On Wednesday, Feb. 11, the Florida House voted 112-1 for HB 11 to finally establish the pink-feathered American flamingo (Phoenicopterus ruber) as the Sunshine State’s official state bird.

“If you ask people around the state of Florida what’s the state bird, very few people ever say the mockingbird,” co-sponsor Rep. James ‘Jim’ Mooney, R-Key Largo, told the House Natural Resources and Disasters Subcommittee when he presented the bill, according to Florida Politics. “They’ll say the flamingo, they might say a pelican. But the reality of it is, the flamingo represents Florida, it always has since I was a kid.”

A companion Senate bill (SB 150) from Sen. Ana Maria Rodriguez, R-Doral, was unanimously approved by the Environment and Natural Resources committee in November but still has to pass through two more committees before it faces a full Senate vote.

This wouldn’t be the only bird getting the top perch. Both bills also establish the Florida scrub jay (Aphelocoma coerulescens) as the official Florida state songbird.

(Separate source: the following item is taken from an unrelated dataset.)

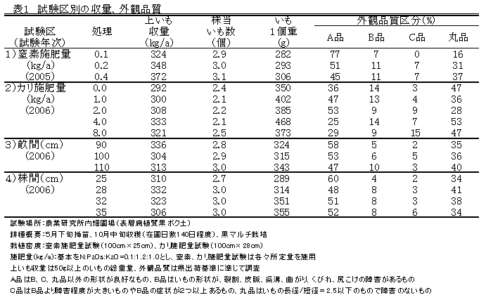 畝間、株間の違いによる収量差は判然としないものの、広くなると丸品あるいは障害いもの発生が多くなり、A品率は低下する。そのため栽植密度は畝間90cm、株間25cm程度の密植とする(表1)。 |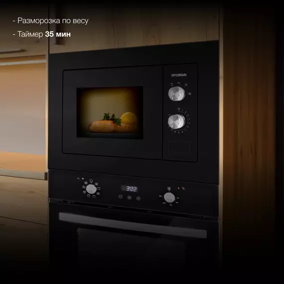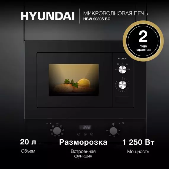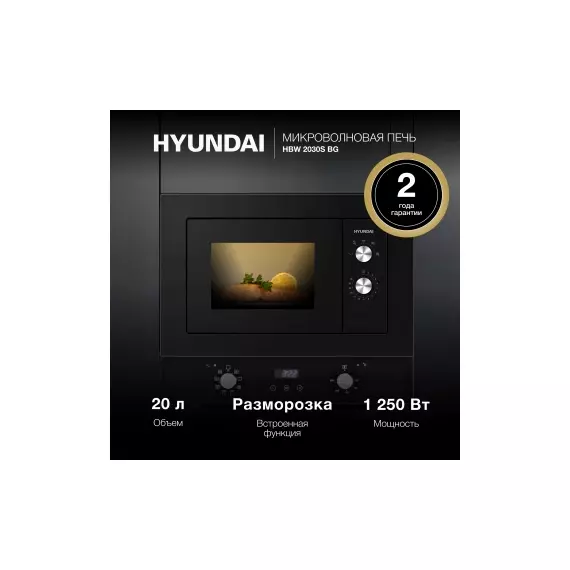 Микроволновая печь встраиваемая Hyundai HBW 2030S BG 20л. 800Вт черный

This marks the ninth time an attempt to dethrone the mockingbird has been made over the past quarter-century. A promising attempt in last year’s session was getting unanimous votes at every point but was derailed in May 2025 so Florida lawmakers could focus instead on the still-unfinished final 2025-26 state budget. Both bills died in committees the next month.

Will the measure finally take flight this time?

Should the flamingo be the Florida state bird?

The flamboyant, 5-foot-tall flamingo has been used to promote travel to the state for over a century, supporters say, as a symbol of brightly colored sunshine and fun. The Florida Lottery has used it in its logo since it was established in 1988. Homes across the state have long been festooned with bright pink plastic versions. There aren’t a lot of Florida mockingbird magnets for sale out there.

Widely distributed throughout the Caribbean and parts of South America, the Florida Fish and Wildlife Conservation Commission considers flamingos native to the state. A University of Central Florida-led study proved it to be true in an analysis that published in December 2025.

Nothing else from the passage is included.